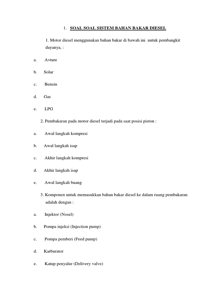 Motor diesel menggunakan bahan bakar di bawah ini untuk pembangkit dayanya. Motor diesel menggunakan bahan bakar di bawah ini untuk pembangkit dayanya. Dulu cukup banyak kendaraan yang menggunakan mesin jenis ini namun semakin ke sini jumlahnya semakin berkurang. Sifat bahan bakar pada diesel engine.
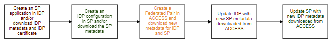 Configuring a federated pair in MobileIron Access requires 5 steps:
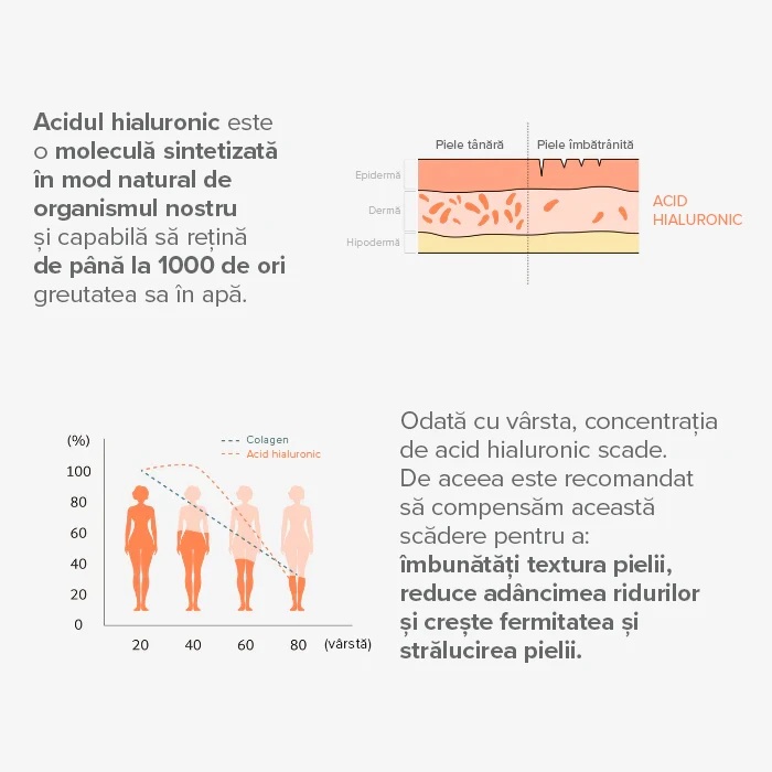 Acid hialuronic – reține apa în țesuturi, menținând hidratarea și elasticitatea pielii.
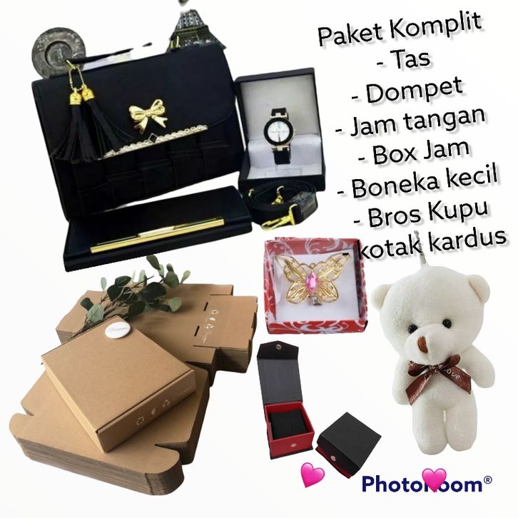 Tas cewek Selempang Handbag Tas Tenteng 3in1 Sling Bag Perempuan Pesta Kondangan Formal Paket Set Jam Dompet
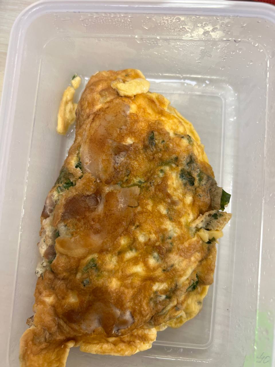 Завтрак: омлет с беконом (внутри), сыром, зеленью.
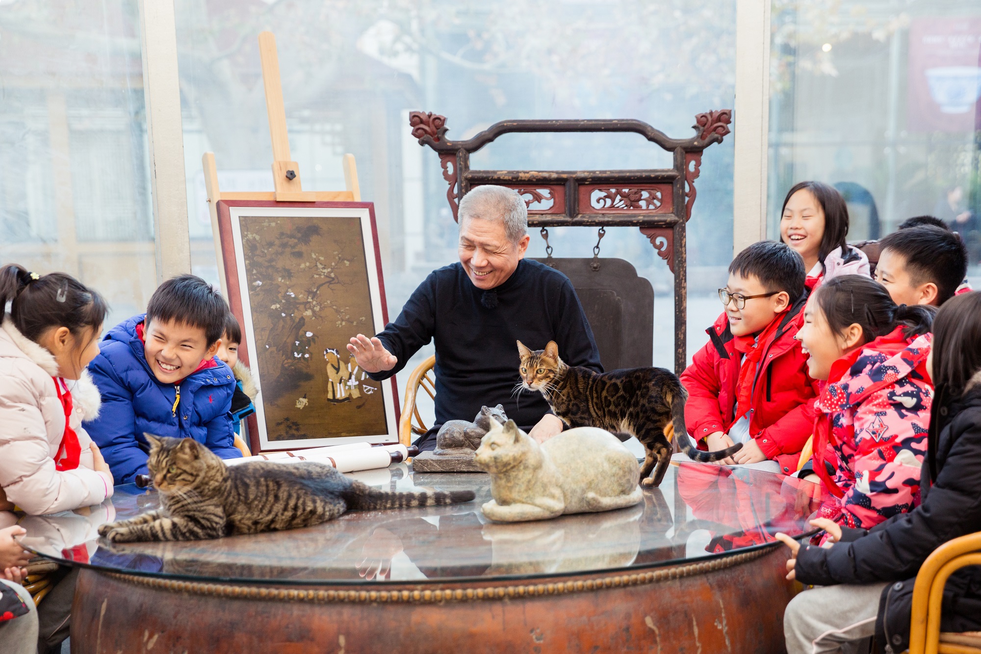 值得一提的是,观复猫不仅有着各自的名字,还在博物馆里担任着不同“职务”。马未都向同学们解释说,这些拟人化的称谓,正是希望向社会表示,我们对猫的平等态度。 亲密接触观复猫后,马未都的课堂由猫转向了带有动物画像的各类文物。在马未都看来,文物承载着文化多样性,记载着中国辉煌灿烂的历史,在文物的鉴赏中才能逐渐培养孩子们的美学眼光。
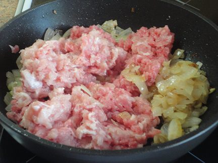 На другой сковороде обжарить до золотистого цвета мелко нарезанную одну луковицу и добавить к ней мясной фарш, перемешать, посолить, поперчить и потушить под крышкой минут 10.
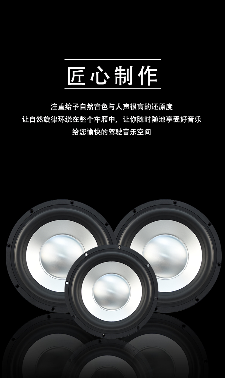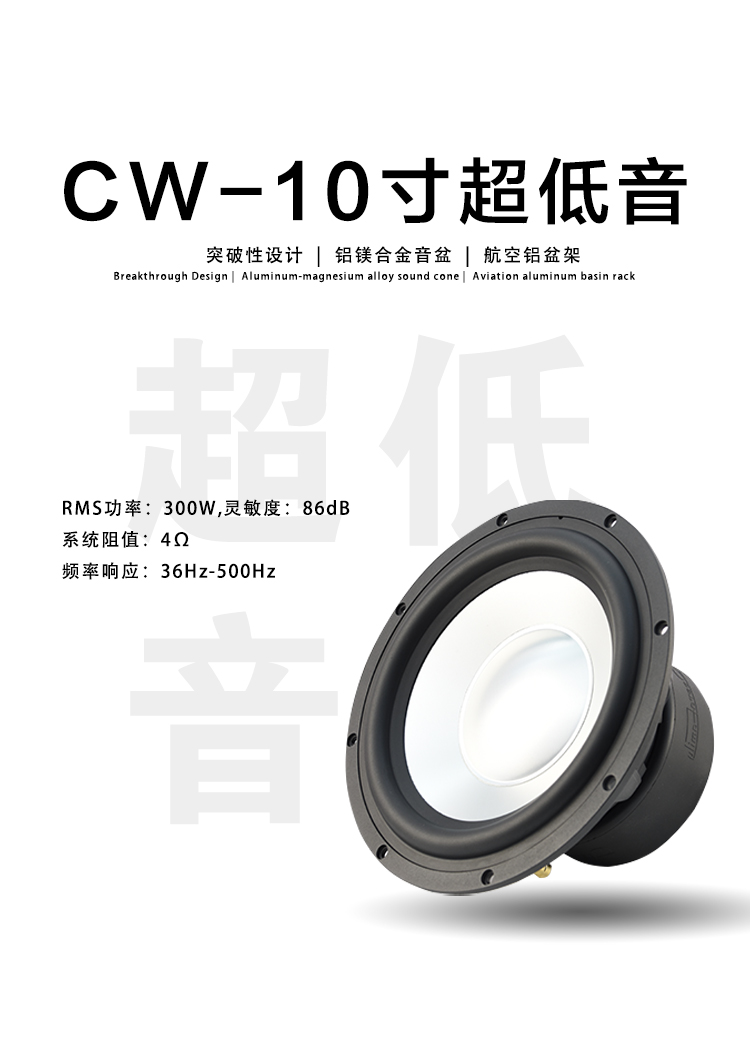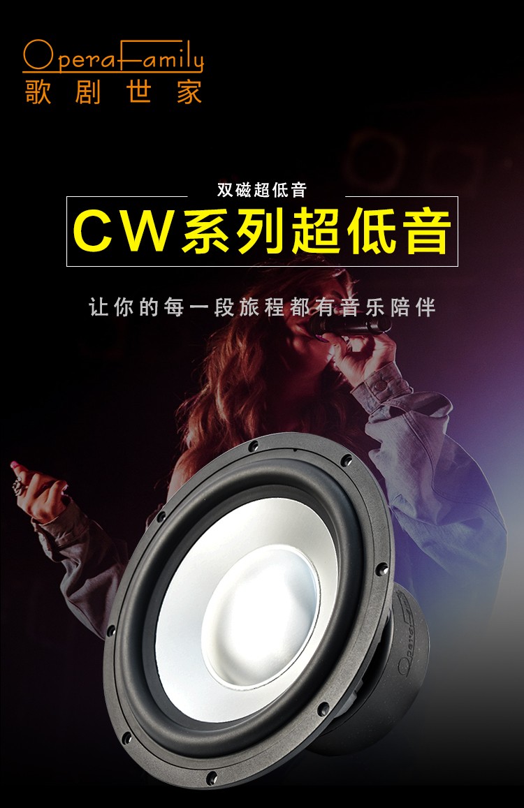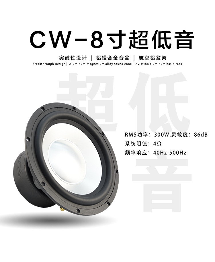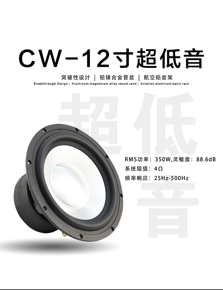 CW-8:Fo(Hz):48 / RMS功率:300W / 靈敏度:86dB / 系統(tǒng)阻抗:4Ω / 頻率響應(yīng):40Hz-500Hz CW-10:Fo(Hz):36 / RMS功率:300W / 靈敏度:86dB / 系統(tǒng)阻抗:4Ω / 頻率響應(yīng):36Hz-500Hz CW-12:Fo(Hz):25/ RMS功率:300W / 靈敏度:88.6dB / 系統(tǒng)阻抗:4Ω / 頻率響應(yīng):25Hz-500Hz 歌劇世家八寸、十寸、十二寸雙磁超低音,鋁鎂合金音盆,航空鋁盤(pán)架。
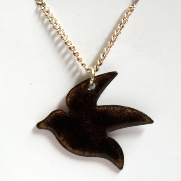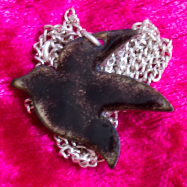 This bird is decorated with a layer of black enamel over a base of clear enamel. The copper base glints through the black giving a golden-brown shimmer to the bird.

■ **WHAT IS EXPECTED**
The answer must be an exact copy of the lines from the one containing "Завтрак: омлет с" through the last line of the records, with no pictures included.

■ **EXERCISE SOLUTION**
 Завтрак: омлет с беконом (внутри), сыром, зеленью.
 值得一提的是,观复猫不仅有着各自的名字,还在博物馆里担任着不同“职务”。马未都向同学们解释说,这些拟人化的称谓,正是希望向社会表示,我们对猫的平等态度。 亲密接触观复猫后,马未都的课堂由猫转向了带有动物画像的各类文物。在马未都看来,文物承载着文化多样性,记载着中国辉煌灿烂的历史,在文物的鉴赏中才能逐渐培养孩子们的美学眼光。
 На другой сковороде обжарить до золотистого цвета мелко нарезанную одну луковицу и добавить к ней мясной фарш, перемешать, посолить, поперчить и потушить под крышкой минут 10.
 CW-8:Fo(Hz):48 / RMS功率:300W / 靈敏度:86dB / 系統(tǒng)阻抗:4Ω / 頻率響應(yīng):40Hz-500Hz CW-10:Fo(Hz):36 / RMS功率:300W / 靈敏度:86dB / 系統(tǒng)阻抗:4Ω / 頻率響應(yīng):36Hz-500Hz CW-12:Fo(Hz):25/ RMS功率:300W / 靈敏度:88.6dB / 系統(tǒng)阻抗:4Ω / 頻率響應(yīng):25Hz-500Hz 歌劇世家八寸、十寸、十二寸雙磁超低音,鋁鎂合金音盆,航空鋁盤(pán)架。
 This bird is decorated with a layer of black enamel over a base of clear enamel. The copper base glints through the black giving a golden-brown shimmer to the bird.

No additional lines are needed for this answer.